All pure R!  No Java, no configuration.  Indeed, it’s worthwhile comparing to the word count example in sparkr, the R interface to Spark.  There we see calls to sparkr functions such as flatMap(), reduceByKey() and collect().  Well, guess what!  The reduceByKey() function is pretty much the same as R’s tried and true apply().  The collect() function is more or less our Snowdoop library function addlists().  So, again, there is no need to resort to Spark, Hadoop, Java and so on.

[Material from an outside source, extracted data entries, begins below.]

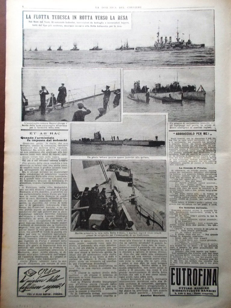La Domenica del Corriere 8 Dicembre 1918 WW1 Resa Tedeschi Rovereto Alsazia Inn
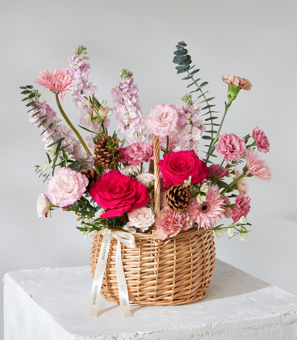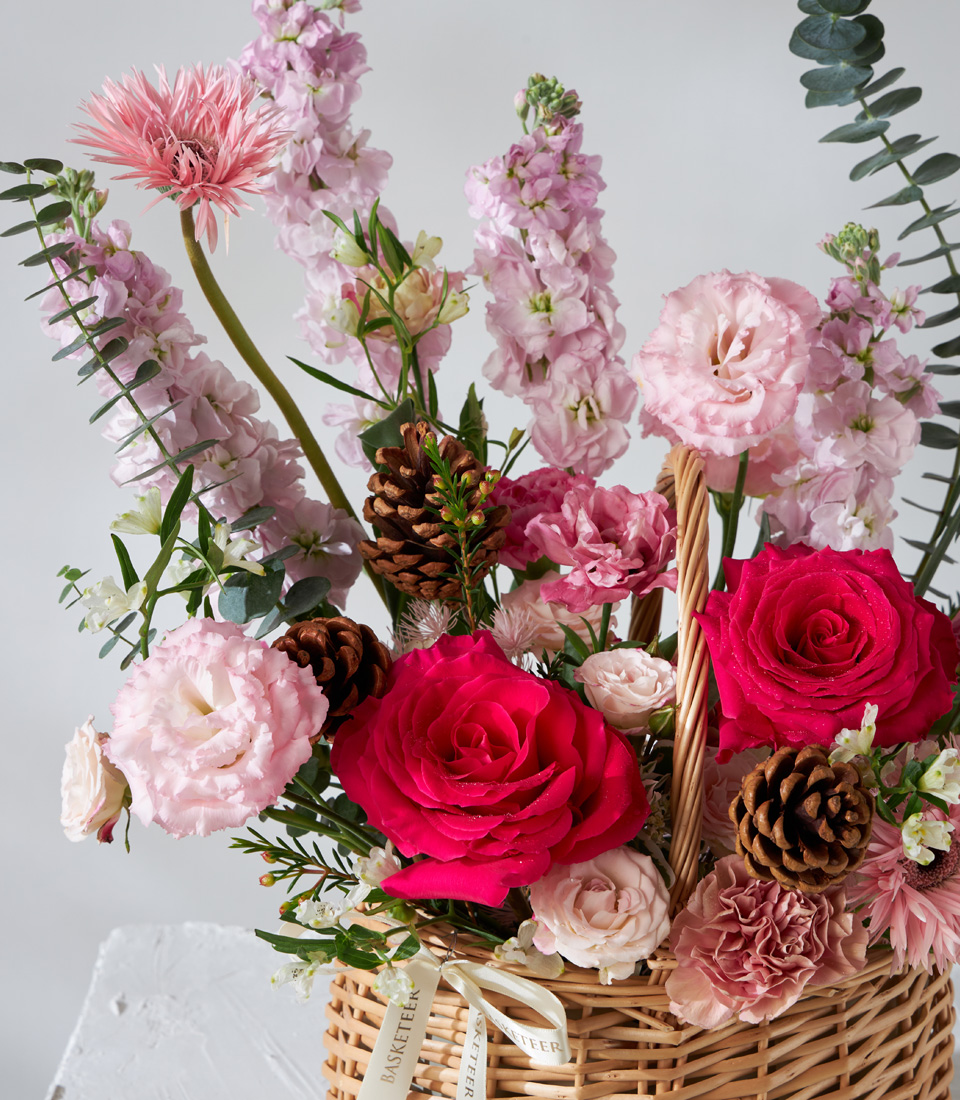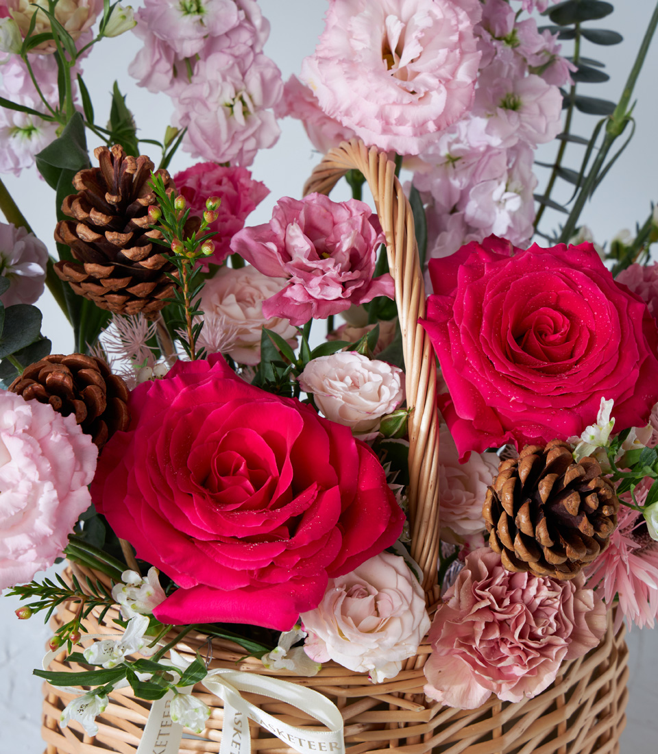 Charming basket of red roses pink carnations chrysanthemums and pinecones beautifully arranged for premium flower delivery in Bangkok
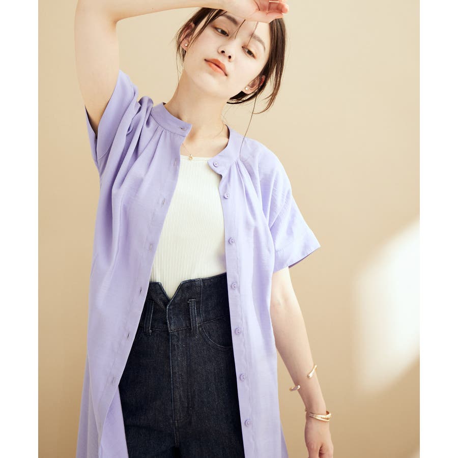 【デザイン・シルエット】 前後2WAYのシャツワンピースです。 衿元タックのドレープ感が目を惹くデザインポイント◎ 肌なじみの良いしなやかな素材感と微光沢が女性らしい上品さを演出します。 取り外し可能なベルト付きで、様々な着こなしをお楽しみいただけます。 FSサイズはFサイズより着丈のみ5cm短いサイズ感です。 【素材】 程よくハリがありつつ柔らかな素材感。 【カラー】 使い勝手の良い無地3色と大人な花柄の全4色展開。 【おすすめのスタイリング】 パンプスやサンダル合わせの上品な着こなしが◎ 前開きの羽織として、パンツやデニムとのレイヤードでカジュアルMIXもおすすめです! ----------------------------- 裏地:なし 光沢感:ややあり 透け感:なし 伸縮性:なし ポケット:なし ボタン:あり 生地の厚さ:普通 その他仕様:取り外し可能なベルト付き 季節:春~秋 ----------------------------- 【モデル着用サイズ】 全色モデル身長:160cm、着用サイズ:F ラベンダー着用モデル身長:167cm、着用サイズ:F ベージュ着用モデル身長:161cm、着用サイズ:F ※画像の商品はサンプルです。 実際の商品と仕様、加工、サイズが若干異なる場合がございます。
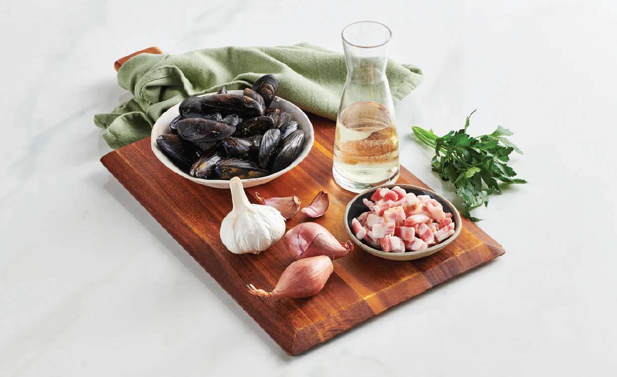 This seafood delicacy is a set it and forget it dish that requires only a handful of simple ingredients. Enjoy this eloquent ensemble of shallots, garlic, parsley and white wine that brighten and balance the delicate seafood flavors, as well as compliment the plump and juicy texture of the mussels.
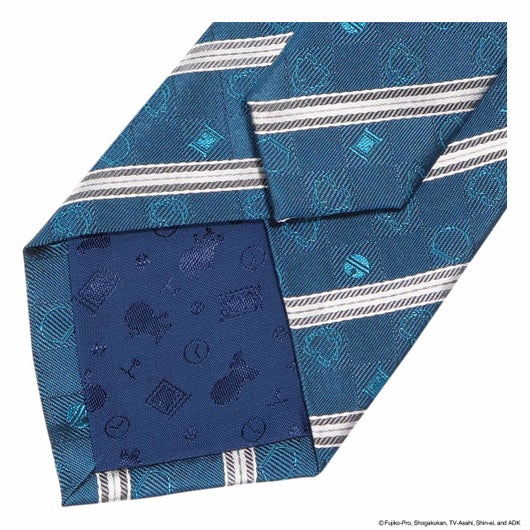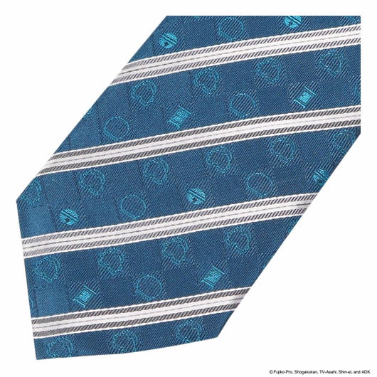 ひみつ道具の「どこでもドア」とドラえもんの後ろ向きの頭、おしり、鈴を小さなアイコン風にしたモチーフとストライプを組み合わせたネクタイです。さりげなくドラえもんの世界観を表現していて、ギフトにもお勧めです。
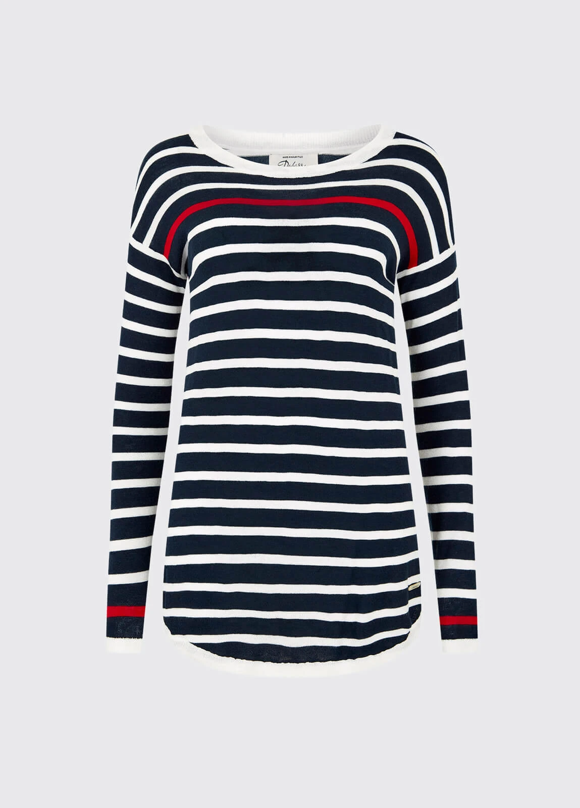 The incredibly soft Abbeyside sweater has a classic nautical feel but with an addition accent colour stripe and flattering scoop neck line. Three colour combinations and super-soft bamboo and cashmere mix mean this is an item you’ll turn to again and again.
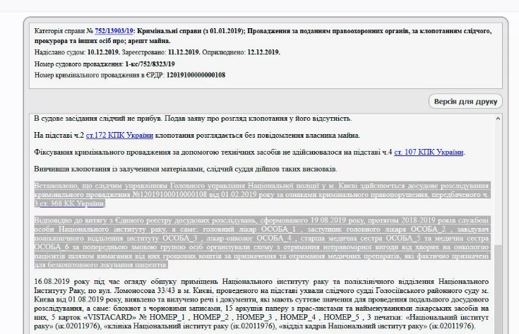 "На протяжении 2018−2019 годов служебные лица Национального института рака, а именно: главный врач ЛИЦО1, заместитель главного врача ЛИЦО2, заведующий поликлиническим отделением института ЛИЦО3, врач-онколог ЛИЦО4, старшая медицинская сестра ЛИЦО5 и медицинская сестра ЛИЦО6 по сговору организовали схему получения неправомерной выгоды от больных онкологией пациентов путем вымогательства денежных средств за назначение и получение медицинских препаратов, которые предназначены для бесплатного лечения".

And as noted last time, in Snowdoop, we can easily keep objects persistent in memory between cluster calls, like Spark but unlike Hadoop.  Consider k-means clustering, for instance.  Each node would keep its data chunk in memory across the iterations (say using R’s <<- operator upon read-in).  The distance computation at each iteration could be used with CRAN’s pdist library, finding distances from the node’s chunk to the current set of centroids.

Again, while the support routines, e.g. addlists() etc. above, plus a few not shown here, could be collected into a package for convenience, Snowdoop is more a method than a formal package.

So, is there a price to be paid for all this convenience and simplicity?  As noted last time, Snowdoop doesn’t have the fault tolerance redundancy of Hadoop/Spark.  Conceivably there may be a performance penalty in applications in which the Hadoop distributed shuffle-sort is key to the algorithm.  Also, I’m not sure anyone has ever tried R’s parallel library with a cluster of hundreds of nodes or more.

But the convenience factor makes Snowdoop highly attractive.  For example, try plugging “rJava install” into Google, and you’ll see that many people have trouble with this package, which is needed for sparkr (especially if the user doesn’t have root privileges on his machine).